(Source data)
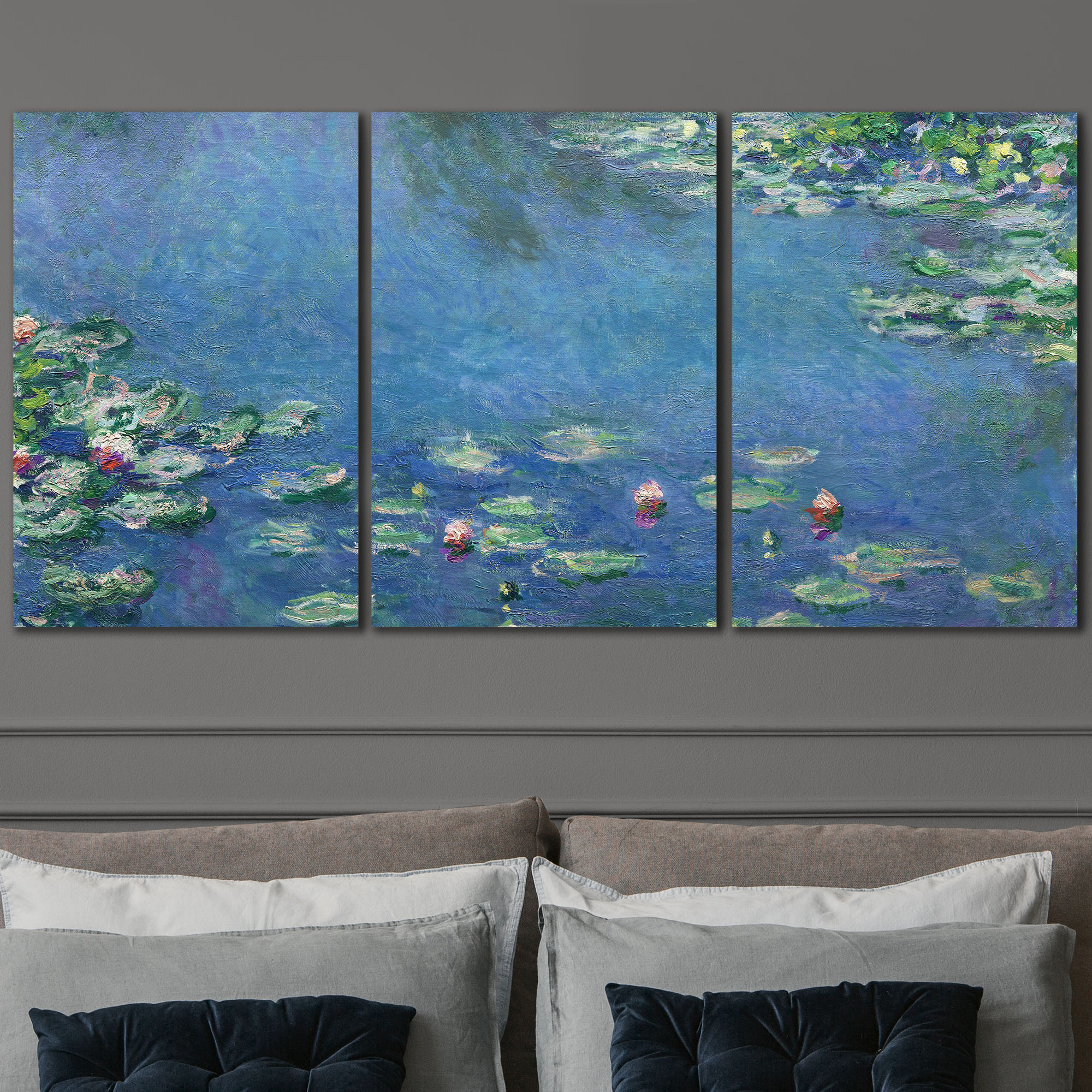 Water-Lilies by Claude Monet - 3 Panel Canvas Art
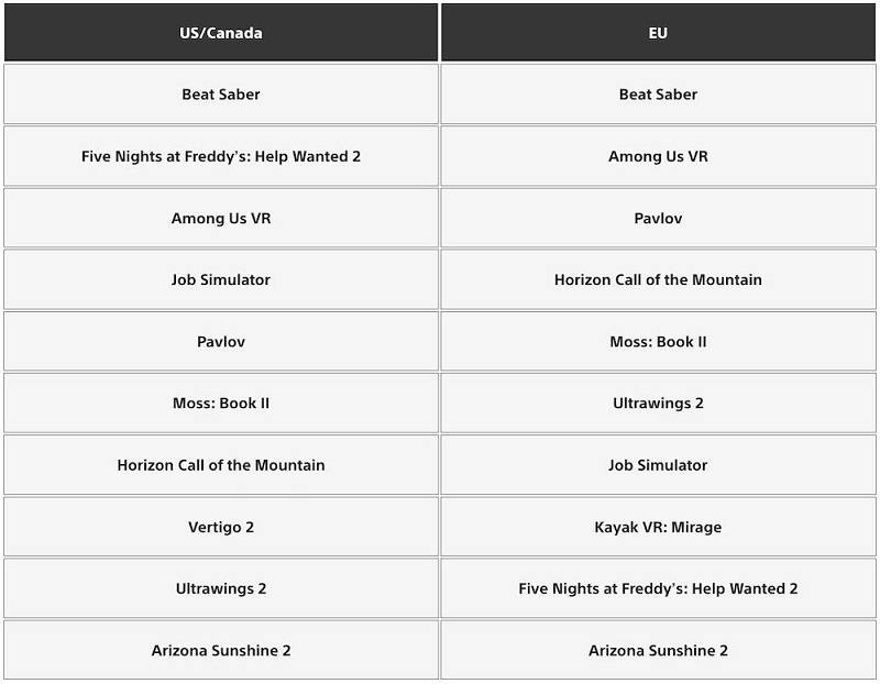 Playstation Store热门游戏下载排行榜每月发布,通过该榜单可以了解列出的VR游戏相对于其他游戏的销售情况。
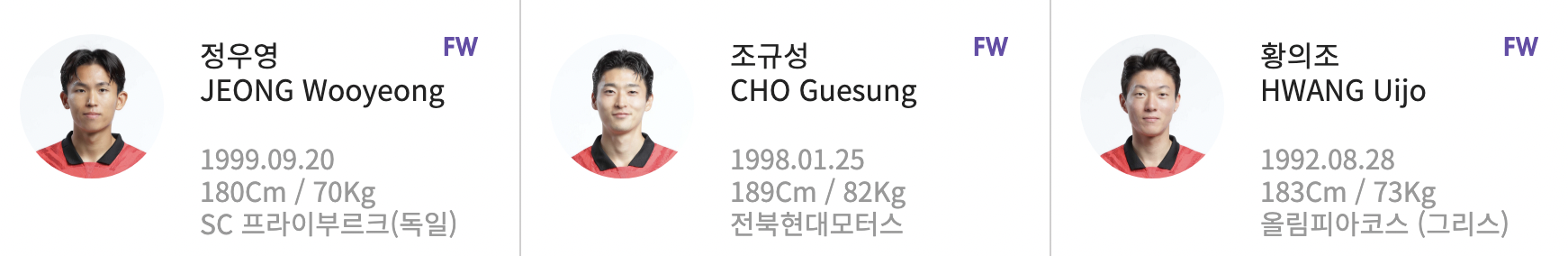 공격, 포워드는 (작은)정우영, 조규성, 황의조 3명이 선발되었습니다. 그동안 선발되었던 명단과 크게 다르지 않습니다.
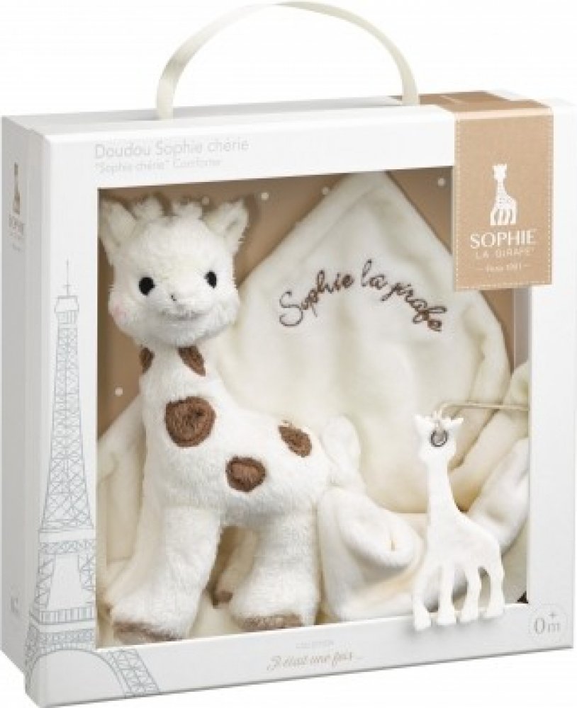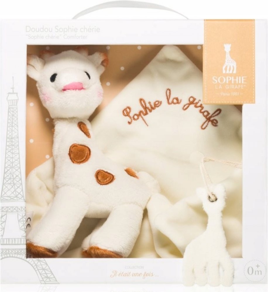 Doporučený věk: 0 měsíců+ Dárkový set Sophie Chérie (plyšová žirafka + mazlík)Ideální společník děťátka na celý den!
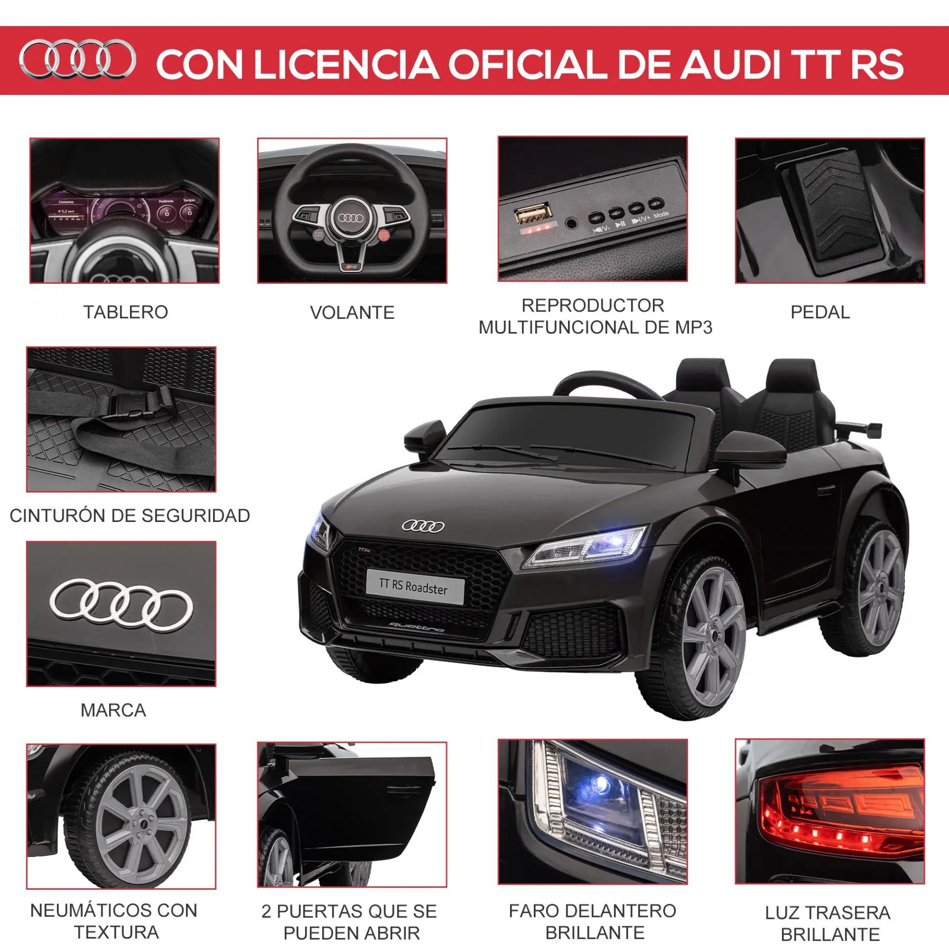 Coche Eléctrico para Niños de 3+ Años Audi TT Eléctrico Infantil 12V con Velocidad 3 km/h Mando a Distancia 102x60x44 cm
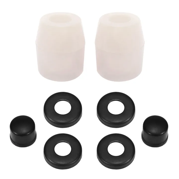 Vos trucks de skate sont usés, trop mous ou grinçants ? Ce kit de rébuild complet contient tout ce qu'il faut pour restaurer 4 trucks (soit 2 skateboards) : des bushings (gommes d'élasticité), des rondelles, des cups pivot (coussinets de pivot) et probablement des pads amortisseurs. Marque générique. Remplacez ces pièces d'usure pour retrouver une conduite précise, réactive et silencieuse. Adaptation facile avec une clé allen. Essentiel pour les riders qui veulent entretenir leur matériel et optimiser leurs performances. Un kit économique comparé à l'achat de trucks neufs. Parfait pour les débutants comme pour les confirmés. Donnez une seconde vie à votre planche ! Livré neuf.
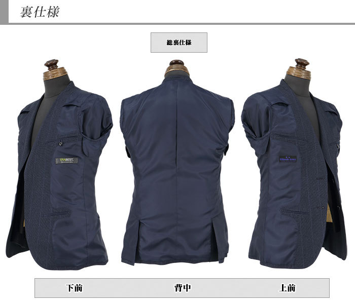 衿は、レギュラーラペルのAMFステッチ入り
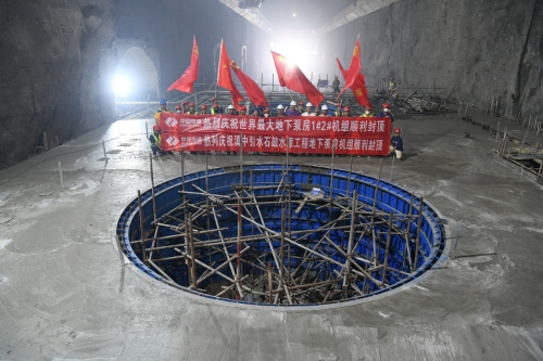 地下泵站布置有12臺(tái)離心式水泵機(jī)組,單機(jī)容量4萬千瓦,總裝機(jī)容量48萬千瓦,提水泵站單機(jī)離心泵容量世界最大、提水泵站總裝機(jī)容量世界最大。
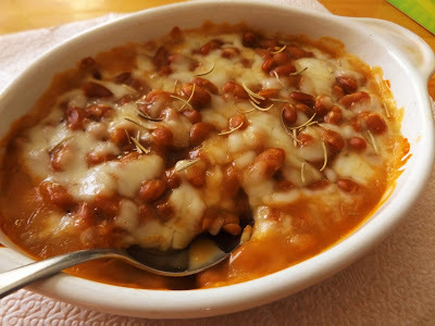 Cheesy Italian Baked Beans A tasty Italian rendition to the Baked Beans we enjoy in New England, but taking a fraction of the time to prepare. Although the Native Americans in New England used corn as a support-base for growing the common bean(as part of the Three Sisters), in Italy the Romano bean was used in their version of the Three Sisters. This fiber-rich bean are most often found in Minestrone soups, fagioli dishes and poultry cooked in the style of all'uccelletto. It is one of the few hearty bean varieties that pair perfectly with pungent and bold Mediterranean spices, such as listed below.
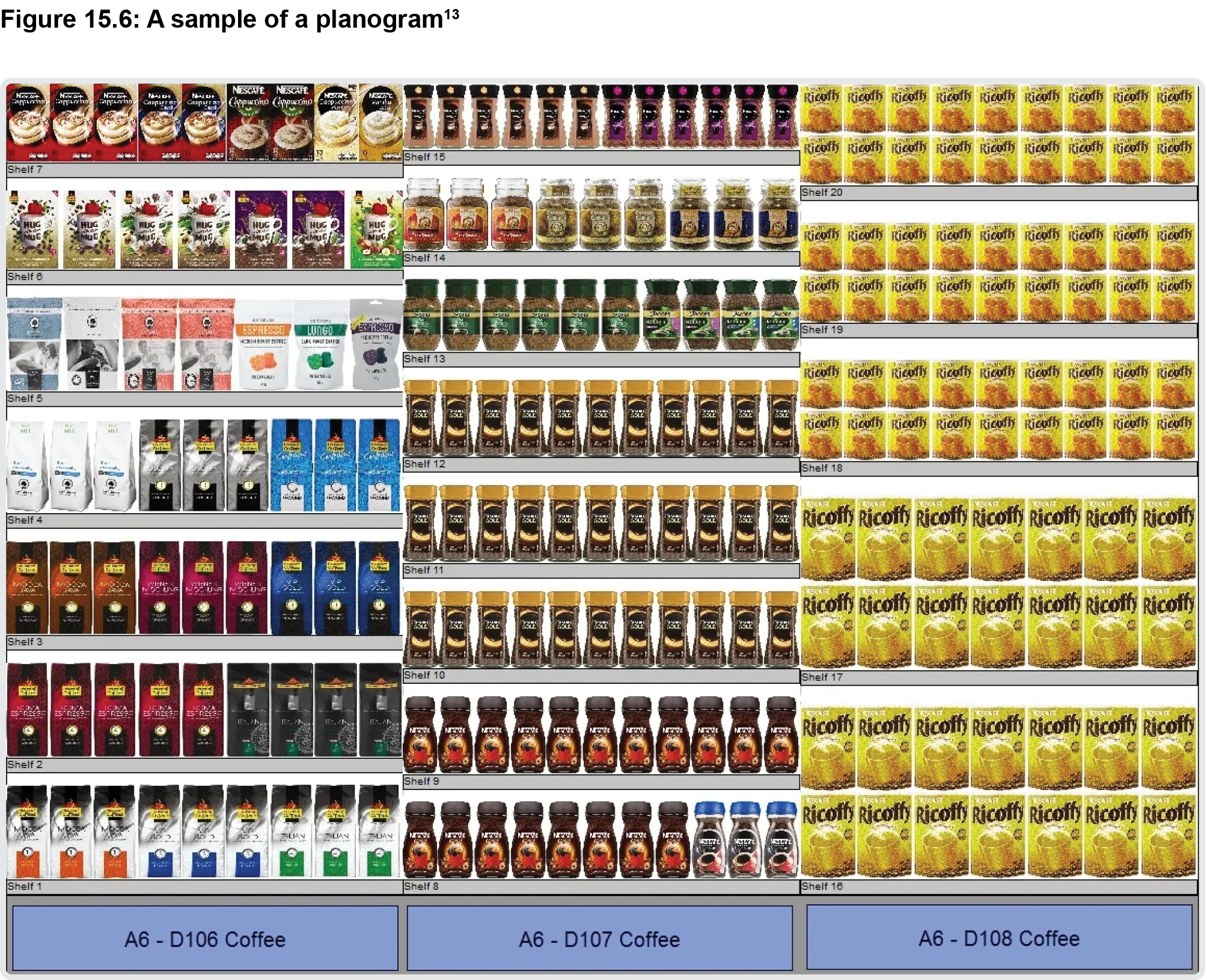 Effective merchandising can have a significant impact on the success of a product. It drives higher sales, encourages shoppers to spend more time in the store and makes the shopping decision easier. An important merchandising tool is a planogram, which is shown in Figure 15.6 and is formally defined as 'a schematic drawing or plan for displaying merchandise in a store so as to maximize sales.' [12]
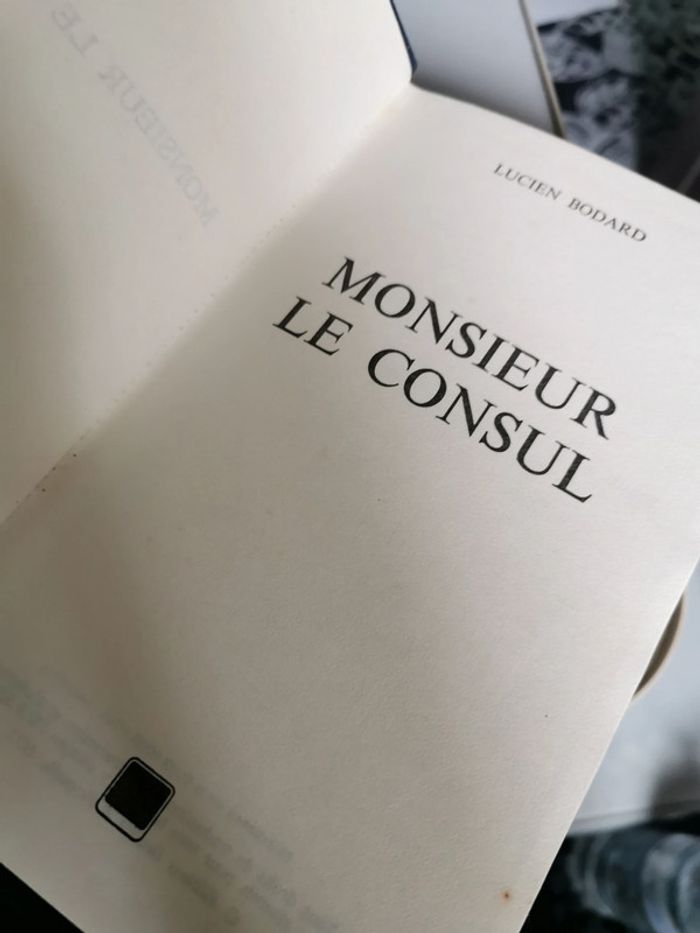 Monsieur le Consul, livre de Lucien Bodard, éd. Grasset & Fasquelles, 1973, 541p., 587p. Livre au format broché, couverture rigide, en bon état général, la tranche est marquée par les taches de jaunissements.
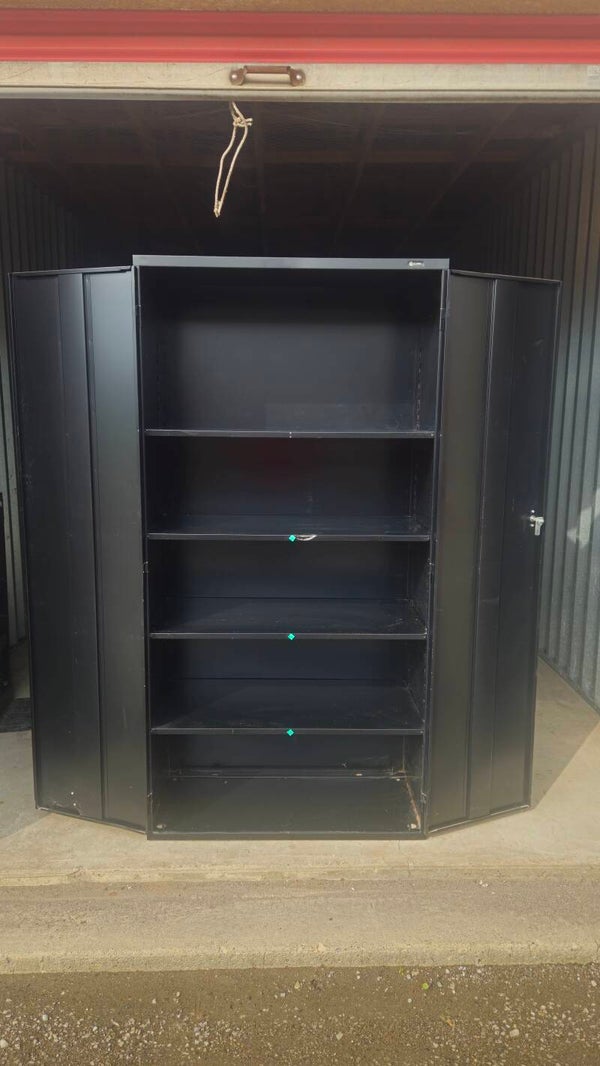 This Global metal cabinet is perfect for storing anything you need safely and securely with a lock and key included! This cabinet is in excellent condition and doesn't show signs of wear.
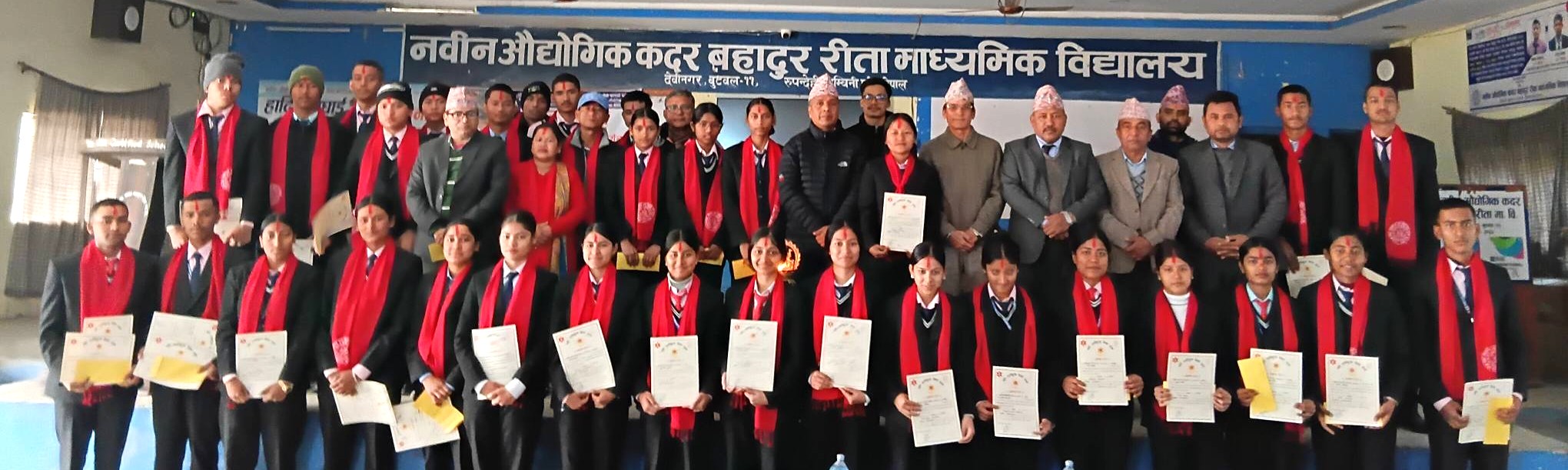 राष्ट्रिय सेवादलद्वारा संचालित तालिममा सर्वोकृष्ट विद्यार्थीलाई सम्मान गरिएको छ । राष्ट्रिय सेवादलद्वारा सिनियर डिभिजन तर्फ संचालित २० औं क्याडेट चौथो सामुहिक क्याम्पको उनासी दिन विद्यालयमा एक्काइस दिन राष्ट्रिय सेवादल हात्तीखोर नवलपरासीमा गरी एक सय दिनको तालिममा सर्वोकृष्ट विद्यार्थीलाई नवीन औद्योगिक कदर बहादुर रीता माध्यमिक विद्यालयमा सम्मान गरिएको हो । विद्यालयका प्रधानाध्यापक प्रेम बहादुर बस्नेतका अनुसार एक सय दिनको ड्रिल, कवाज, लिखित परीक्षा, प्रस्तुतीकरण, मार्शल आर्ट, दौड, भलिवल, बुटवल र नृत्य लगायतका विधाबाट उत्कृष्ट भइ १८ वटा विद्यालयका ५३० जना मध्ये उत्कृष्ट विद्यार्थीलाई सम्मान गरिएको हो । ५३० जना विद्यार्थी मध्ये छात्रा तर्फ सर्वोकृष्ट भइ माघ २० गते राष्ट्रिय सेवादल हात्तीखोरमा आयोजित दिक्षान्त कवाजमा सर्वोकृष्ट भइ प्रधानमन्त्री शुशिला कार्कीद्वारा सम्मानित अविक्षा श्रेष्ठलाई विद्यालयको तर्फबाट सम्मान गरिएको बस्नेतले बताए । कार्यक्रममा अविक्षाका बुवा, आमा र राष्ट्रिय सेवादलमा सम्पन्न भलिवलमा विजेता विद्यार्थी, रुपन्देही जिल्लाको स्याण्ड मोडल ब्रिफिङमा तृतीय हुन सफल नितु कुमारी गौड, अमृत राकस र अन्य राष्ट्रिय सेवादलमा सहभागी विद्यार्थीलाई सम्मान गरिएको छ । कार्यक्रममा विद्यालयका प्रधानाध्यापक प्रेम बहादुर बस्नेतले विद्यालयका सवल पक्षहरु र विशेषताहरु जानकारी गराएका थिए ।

PROBLEM STATEMENT: Line by line, print the records above exactly, skipping each picture.

RESULT OF THE TASK:
 Water-Lilies by Claude Monet - 3 Panel Canvas Art
 Playstation Store热门游戏下载排行榜每月发布,通过该榜单可以了解列出的VR游戏相对于其他游戏的销售情况。
 공격, 포워드는 (작은)정우영, 조규성, 황의조 3명이 선발되었습니다. 그동안 선발되었던 명단과 크게 다르지 않습니다.
 Doporučený věk: 0 měsíců+ Dárkový set Sophie Chérie (plyšová žirafka + mazlík)Ideální společník děťátka na celý den!
 Coche Eléctrico para Niños de 3+ Años Audi TT Eléctrico Infantil 12V con Velocidad 3 km/h Mando a Distancia 102x60x44 cm
 Vos trucks de skate sont usés, trop mous ou grinçants ? Ce kit de rébuild complet contient tout ce qu'il faut pour restaurer 4 trucks (soit 2 skateboards) : des bushings (gommes d'élasticité), des rondelles, des cups pivot (coussinets de pivot) et probablement des pads amortisseurs. Marque générique. Remplacez ces pièces d'usure pour retrouver une conduite précise, réactive et silencieuse. Adaptation facile avec une clé allen. Essentiel pour les riders qui veulent entretenir leur matériel et optimiser leurs performances. Un kit économique comparé à l'achat de trucks neufs. Parfait pour les débutants comme pour les confirmés. Donnez une seconde vie à votre planche ! Livré neuf.
 衿は、レギュラーラペルのAMFステッチ入り
 地下泵站布置有12臺(tái)離心式水泵機(jī)組,單機(jī)容量4萬千瓦,總裝機(jī)容量48萬千瓦,提水泵站單機(jī)離心泵容量世界最大、提水泵站總裝機(jī)容量世界最大。
 Cheesy Italian Baked Beans A tasty Italian rendition to the Baked Beans we enjoy in New England, but taking a fraction of the time to prepare. Although the Native Americans in New England used corn as a support-base for growing the common bean(as part of the Three Sisters), in Italy the Romano bean was used in their version of the Three Sisters. This fiber-rich bean are most often found in Minestrone soups, fagioli dishes and poultry cooked in the style of all'uccelletto. It is one of the few hearty bean varieties that pair perfectly with pungent and bold Mediterranean spices, such as listed below.
 Effective merchandising can have a significant impact on the success of a product. It drives higher sales, encourages shoppers to spend more time in the store and makes the shopping decision easier. An important merchandising tool is a planogram, which is shown in Figure 15.6 and is formally defined as 'a schematic drawing or plan for displaying merchandise in a store so as to maximize sales.' [12]
 Monsieur le Consul, livre de Lucien Bodard, éd. Grasset & Fasquelles, 1973, 541p., 587p. Livre au format broché, couverture rigide, en bon état général, la tranche est marquée par les taches de jaunissements.
 This Global metal cabinet is perfect for storing anything you need safely and securely with a lock and key included! This cabinet is in excellent condition and doesn't show signs of wear.
 राष्ट्रिय सेवादलद्वारा संचालित तालिममा सर्वोकृष्ट विद्यार्थीलाई सम्मान गरिएको छ । राष्ट्रिय सेवादलद्वारा सिनियर डिभिजन तर्फ संचालित २० औं क्याडेट चौथो सामुहिक क्याम्पको उनासी दिन विद्यालयमा एक्काइस दिन राष्ट्रिय सेवादल हात्तीखोर नवलपरासीमा गरी एक सय दिनको तालिममा सर्वोकृष्ट विद्यार्थीलाई नवीन औद्योगिक कदर बहादुर रीता माध्यमिक विद्यालयमा सम्मान गरिएको हो । विद्यालयका प्रधानाध्यापक प्रेम बहादुर बस्नेतका अनुसार एक सय दिनको ड्रिल, कवाज, लिखित परीक्षा, प्रस्तुतीकरण, मार्शल आर्ट, दौड, भलिवल, बुटवल र नृत्य लगायतका विधाबाट उत्कृष्ट भइ १८ वटा विद्यालयका ५३० जना मध्ये उत्कृष्ट विद्यार्थीलाई सम्मान गरिएको हो । ५३० जना विद्यार्थी मध्ये छात्रा तर्फ सर्वोकृष्ट भइ माघ २० गते राष्ट्रिय सेवादल हात्तीखोरमा आयोजित दिक्षान्त कवाजमा सर्वोकृष्ट भइ प्रधानमन्त्री शुशिला कार्कीद्वारा सम्मानित अविक्षा श्रेष्ठलाई विद्यालयको तर्फबाट सम्मान गरिएको बस्नेतले बताए । कार्यक्रममा अविक्षाका बुवा, आमा र राष्ट्रिय सेवादलमा सम्पन्न भलिवलमा विजेता विद्यार्थी, रुपन्देही जिल्लाको स्याण्ड मोडल ब्रिफिङमा तृतीय हुन सफल नितु कुमारी गौड, अमृत राकस र अन्य राष्ट्रिय सेवादलमा सहभागी विद्यार्थीलाई सम्मान गरिएको छ । कार्यक्रममा विद्यालयका प्रधानाध्यापक प्रेम बहादुर बस्नेतले विद्यालयका सवल पक्षहरु र विशेषताहरु जानकारी गराएका थिए ।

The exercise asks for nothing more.